Prognostic factors associated with mortality and major in-hospital complications in patients with bacteremic pneumococcal pneumonia

Population-based study

Jessica A Beatty a,b, Sumit R Majumdar b,c, Gregory J Tyrrell d,e, Thomas J Marrie f, Dean T Eurich a,b,
Editor: Ewa Janczewska
PMCID: PMC5120897  PMID: 27861340

Supplemental Digital Content is available in the text

Keywords: complications, mortality, pneumococcus, pneumonia, prognostic factors

Abstract

Bacteremic pneumococcal pneumonia (BPP) causes considerable mortality and morbidity. We aimed to identify prognostic factors associated with mortality and major in-hospital complications in BPP.
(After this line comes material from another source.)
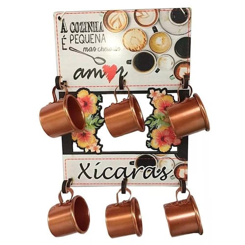 Suporte organizador vazado com 6 canecas de café em alumínio - cobre Suporte organizador vazado em madeira com 6 canecas de café em alumínio esmaltadas décor

A prospective, population-based clinical registry of 1636 hospitalized adult patients (≥18 years) with BPP was established between 2000 and 2010 in Northern Alberta, Canada. Prognostic factors for mortality and major in-hospital complications (e.g., cardiac events, mechanical ventilation, aspiration) were evaluated using multivariable logistic regression.

Average age was 54 (standard deviation 18) years, 57% males, and 59% had high case-fatality rate (CFR) serotypes. Overall, 14% (226/1636) of patients died and 22% (315/1410) of survivors developed at least 1 complication. Independent prognostic factors for mortality were age (adjusted odds ratio [aOR], 1.5 per decade; 95% confidence interval [CI], 1.3–1.7), nursing home residence (aOR, 3.7; 95% CI 1.8–7.4), community-dwelling dementia (aOR 3.7; 95% CI, 1.6–8.6), alcohol abuse (aOR, 2.2; 95% CI, 1.4–3.4), acid-suppressing drugs (aOR, 1.5; 95% CI, 1.0–2.3), guideline-discordant antibiotics (aOR, 3.4; 95% CI, 2.4–4.8), multilobe pneumonia (aOR, 2.6; 95% CI, 1.8–3.6), and high CFR serotypes (aOR, 1.8; 95% CI, 1.2–2.8). Similar prognostic factors were observed for major in-hospital complications. Pneumococcal vaccination was associated with reduced in-hospital mortality (aOR, 0.2; 95% CI, 0.05–0.9) but not major complications (P = 0.2).
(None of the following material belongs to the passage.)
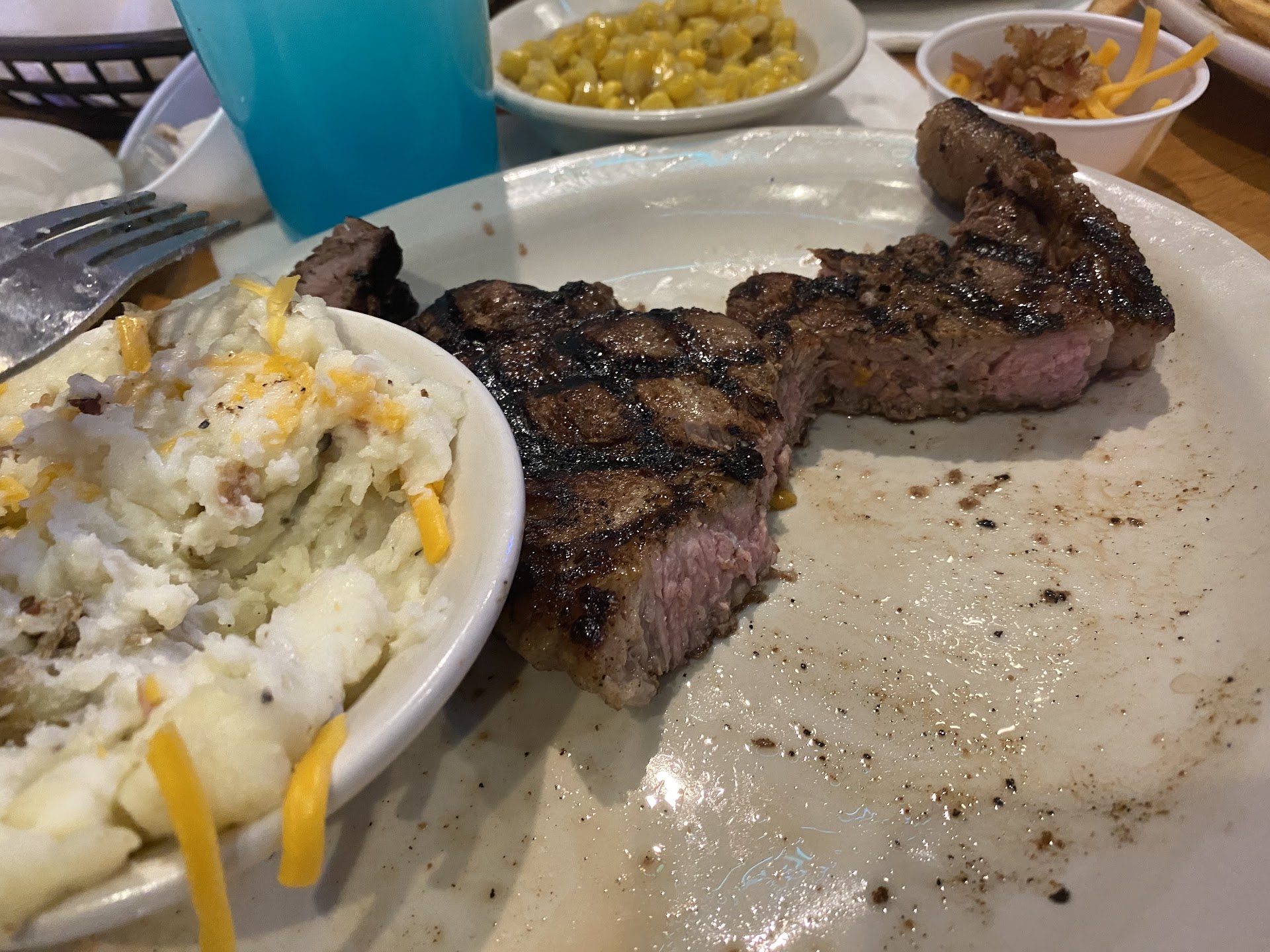 The second experience was almost a mirror image of the first. We arrived and were sat at a small 2 top. Several tables were opened while we sat there waiting for our server. Our server came about 20 minutes later and was very blunt. He never brought us rolls so we asked another server which we hate to do but then had to ask another server again for refills. Shortly after runners had brought out our food he dropped the check off at our table. We had only taken the first few bites. He never checked to see how the food tasted or to offer desserts. While we had sat waiting I watched the other servers open tables(I have been in the restaurant industry for years and like observing and learning) and there were two tables that were opened that I want to mention just in case. Let me preface that I am not sure if there is a different ID checkpoint or system of checking IDS for Texas Roadhouse. The first table was quite young and I would have ID'd every person on the table not one person was checked and they were all served alcohol which would have made me very nervous as I would not want any fines or penalties. Then a second table who looked to be in their 30's with a different server also never checked any ID's and served them alcohol. It did seem a little safer but again I am not one to risk it. There was also no water brought out with the drinks which again could be based off their alcohol license requirements. (On my most recent visit no one around us had ordered so I couldnt see if things had changed, things that had changed though were the front door got fixed and it appeared some new signage for IDing was put up) Our food was actually all quite delicious and cooked to their proper temperatures the only complaint was that there was sour cream on my mashed potatoes when I had asked for no sour cream. Service was definitely a 1/5 but food was probably still a 5/5.

Older and frailer patients, and those who abuse alcohol or take acid-suppressing drugs, are at increased risk of BPP-related mortality and complications, as are those with high CFR serotypes. Beyond identifying those at highest risk, our findings demonstrate the importance of guideline-concordant antibiotics and pneumococcal vaccination in those with BPP.

1. Introduction

Community-acquired pneumonia (CAP) is a significant cause of morbidity and mortality worldwide.[1]Streptococcus pneumoniae (hereafter, “pneumococcus”) remains the most commonly identified pathogen in CAP, and is responsible for 30% to 40% of all diagnostically confirmed cases.[2] It has been estimated that 25% of cases of pneumococcal pneumonia are associated with bacteremia.[3] Complications of bacteremic pneumococcal pneumonia (BPP) are diverse and range from adult respiratory distress syndrome to septic shock and death.[4] Case-fatality rates (CFRs) in adults with BPP are 15% to 36% despite continued advances in antibiotic therapy and supportive care.[57] Furthermore, major complications (e.g., need for mechanical ventilation, heart failure, acute kidney injury) occur in a large proportion of patients who survive pneumococcal bacteremia.[8] Thus, there is interest in identifying novel prognostic markers to identify those at highest risk of adverse events associated with BPP before they occur.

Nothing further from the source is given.